Based on this, masonry can be either spoon or bonded. Let's briefly describe both. Spoon - the row is laid along the wall, and the spoon side is directed towards you. When the brick is laid across the wall and the butt is facing you, this is a butt row. Everything is quite simple here. As a rule, when installing load-bearing walls, ligation of joint seams is used. It represents the alternate use of spoon and bonded masonry. If this point is ignored, then under heavy load the wall may deform with all the ensuing consequences. In terms of wall thickness, the masonry can be half a brick (a row when the spoon is pointed towards you), the size of one sample (when the row is made pointing towards you), 1.5 (butt + spoon) and, finally, two pieces (two butt rows ).

In masonry, it is permissible to make a thickness of 1-1.5 cm (for horizontal seams), but for vertical joints - 1 cm.

Based on the type of bricklaying, there are also multi-row (followed by a bonded row, then several spoon rows) and single-row (when the spoon and bonded rows alternate).

The binding of samples in masonry is done using cement mortar. During the laying process, it is often necessary to change the length of standard samples. The best way to do this is to use a grinder with a disc for concrete. If you don’t have such an assistant at hand, you can get by with a hammer-pick. Having previously made a notch in the right place, we cut off the excess part with a hammer.

That, in principle, is all that I would like to draw your attention to. Let us only recall that these are the basics, without which no work begins. If you decide to do the masonry yourself, we recommend visiting the construction sites and asking for advice from the craftsmen. After all, masonry is a rather complex process, which is difficult to complete without some practice.

Before you start building walls, you need to make a foundation for them. In this case, it is a strip foundation, which was previously leveled with brickwork.

1. First of all, you need to clear the foundation of debris.

2. To level out unevenness on the foundation, it is necessary to prepare a thin solution. A solution is made from a mixture of sand and cement grade M 400.

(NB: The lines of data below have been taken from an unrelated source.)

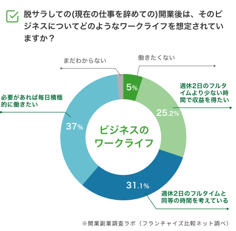 さらに、脱サラ後の働く時間数や頻度、休日とのバランスに関する調査結果では、全体の37%が「必要があれば毎日積極的に働きたい」という強い意欲を示していることがわかりました。「週休2日のフルタイムと同等で働く」という層と合わせると、7割弱が積極的に働きたいと答えています。脱サラ後は現職より楽に稼ぎたいというよりは、働けるだけ働き、労力と努力に見合う報酬を得ることを望む人が多いと読み取れます。
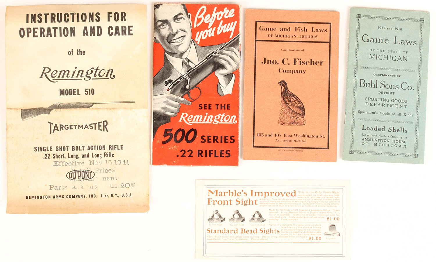 Remington 500 Series .22 Rifles brochure & other paper items, has three full color rifles on the inside. Grade: Excellent - Value: 10 to 50
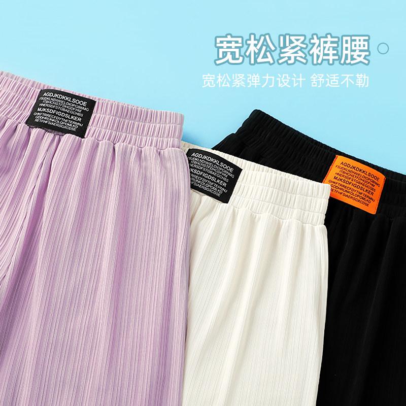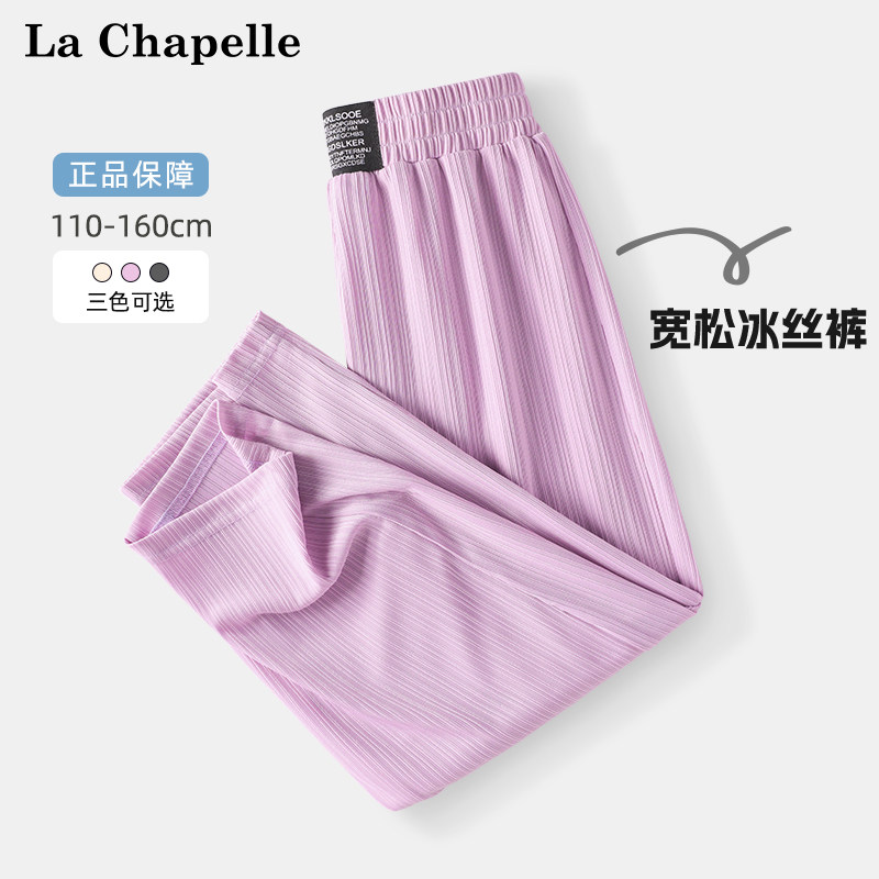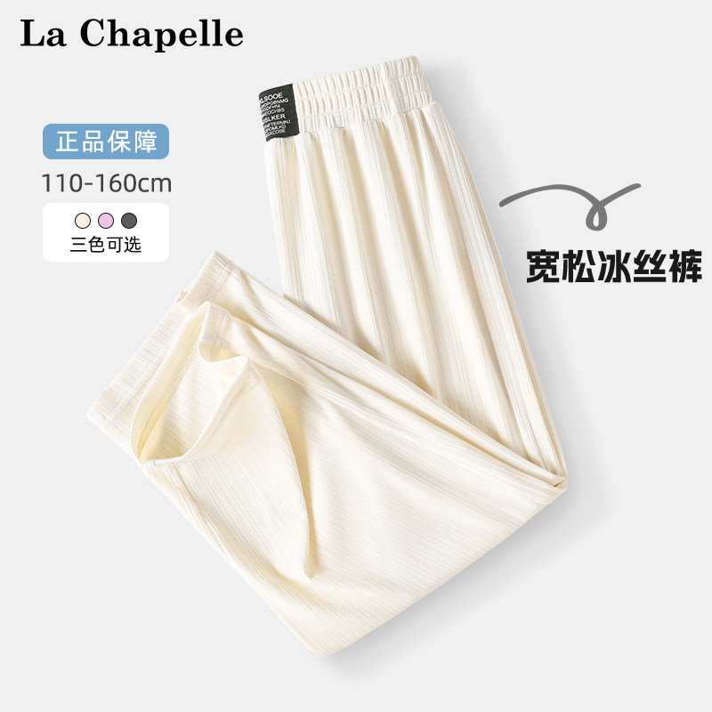 拉夏贝尔女童裤子夏季2025新款儿童防蚊裤中大童冰丝裤阔腿裤长裤

3. Then uneven areas should be leveled.

4. Before starting work on the construction of walls, it is necessary to install waterproofing. To do this, take roofing felt and cut it to the required size.

5. It is convenient to cut roofing felt by one person using nylon thread and brick.

6. To do this, lay the roofing material on a flat surface, and on top of it a nylon thread tied to the brick.

7. The next step is to bend the roofing material to the desired size, in our case in half.

9. We step on the roofing felt and try to pull the thread through the folded edge of the roofing felt, thereby cutting it.

10. After we have cut the required amount of waterproofing, we lay it on the foundation.

11. To prevent the waterproofing from being blown away by the wind, it is pressed down with cinder blocks.

12. We begin laying the walls by placing the corners.

13. After the corners are set and the diagonals are checked, we begin laying the wall.

15. To fasten the blocks together, you need to apply the solution to the end of the block.

16. Place the block in its place, while pressing it against the adjacent block.

17. To ensure that the walls are even, we lay the masonry under a mooring cord, which is attached to a bracket made from electrode wire No. 3 by bending it in half.

18. We stretch the mooring cord over the entire length of the wall, securing the brackets with bricks on the corner blocks.

19. In this case, the thread of the mooring cord should be tightly stretched. We apply tension to such an extent that the bracket is at the limit of being pulled out from under the brick.

20. The consistency of the mortar for laying blocks should not be liquid. To save mortar, we lay the bed only along the area of ​​contact between the block and the working surface.

21. When laying the block, the mortar will fill only the necessary parts of the contact.